C trigraph

From Wikipedia, the free encyclopedia

In the C family of programming languages, a trigraph is a sequence of three characters that represents a single character, the first two of which are both question marks.

The reason for their existence is that the basic character set of C is a subset of the ASCII character set, but nine of its characters lie outside the smaller ISO 646 character set. The ISO 646 character set is largely equivalent to ASCII, except that certain punctuation characters present in ASCII were allowed to be removed, to leave room for "national characters". In other words, users of non-English languages were free to reassign those characters to other symbols needed in their language. However, this posed a problem for C programming, since those removed punctuation characters are used in C. The ANSI C committee invented trigraphs to permit programs to be written using just the ISO 646 character set. The non-ASCII ISO 646 character sets are not used today, but trigraphs remain in the C standard.
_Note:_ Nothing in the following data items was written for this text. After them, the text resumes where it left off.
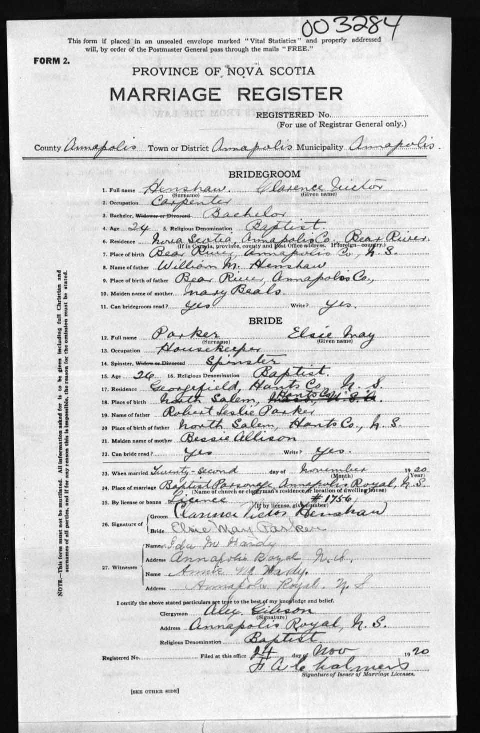 Registration: Year: 1920 number: 3284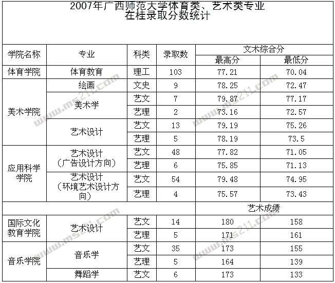 2007年廣西師范大學(xué)美術(shù)高考錄取分?jǐn)?shù)線
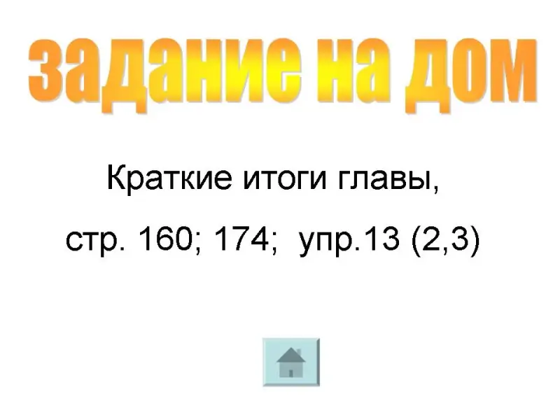 Задание на дом: краткие итоги главы, стр. 160, 174; упр. 13 (2, 3)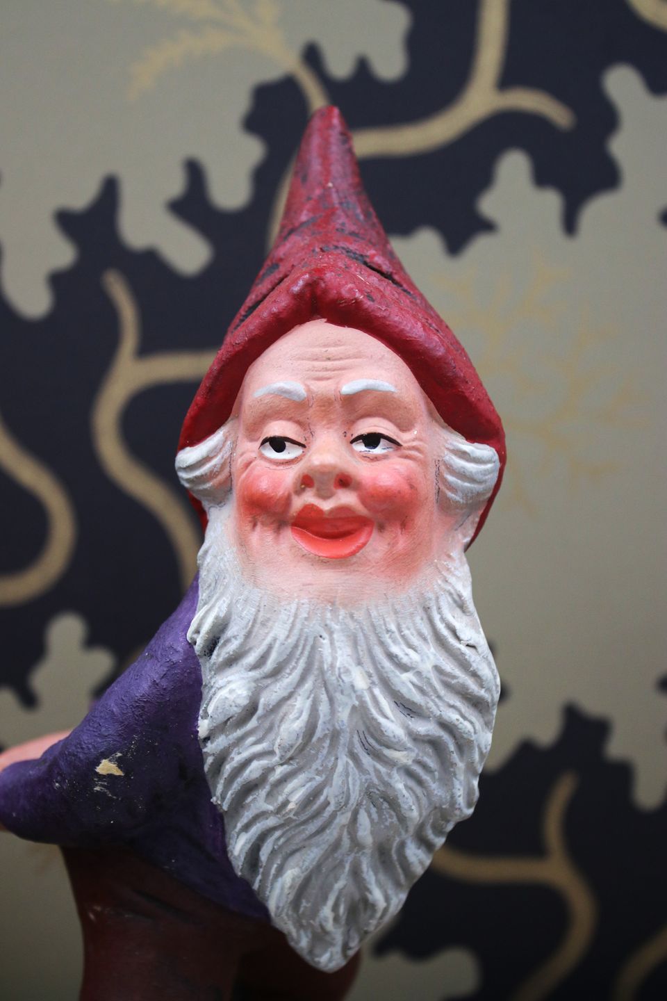 Gammel julenisse i bemalet terrakotta med fin patina...

Trigraphs are rarely used outside compiler test suites. Many compilers either have an option to turn recognition of trigraphs off, or disable trigraphs by default and have an option to turn them on. Some can issue warnings when they encounter trigraphs in source files. It is unfortunate that compilers are required to support them to claim conformance -- their processing is a heavy burden as every character in every source file has to be checked to see if it introduces a trigraph. Borland supplied a separate program, the trigraph preprocessor, to deal with the problem.

[edit] Trigraph sequences

The C preprocessor replaces all occurrences of the following nine trigraph sequences by their single-character equivalents before any other processing.

    Trigraph     Equivalent
    ========     ==========
      ??=            #
      ??/            \
      ??'            ^
      ??(            [
      ??)            ]
      ??!            |
      ??<            {
      ??>            }
      ??-            ~

Note that ??? is not a trigraph sequence.

The ??/ trigraph can be used to introduce an escaped newline for line splicing; this makes correct and efficient handling of trigraphs within the preprocessor particularly problematic.

[edit] Example

An example of a C program that uses all the defined trigraphs:

??=include <stdio.h>                 /* #           */

int main(void)
??<                                  /* {           */
        char n??(5??);               /* [ and ]     */

        n??(4??) = 'a';
        printf("%c??/n", n??(4??));  /* ??/ = \     */
        
        return ??- 0 ??' 1 ??! 2;    /* ~, ^ and |  */
??>                                  /* }           */

[edit] Disambiguation

You may want to place two question marks together yet not have the compiler treat them as introducing a trigraph. The C grammar does not permit two subsequent ? tokens, so the only places in a C file where you might want to use two question marks in a row would be in character and string literals, and comments.

To safely place two consecutive question marks within a literal you should use the escape sequence ?\?.

The ??/ trigraph forms an escaped newline when followed by a new line. This can cause surprises, particularly within comments. For example:

 // Will the next line be executed????????????????/
 a++;

which is a single logical comment line, and

 /??/
 * A comment *??/
 /

which is a correctly formed block comment.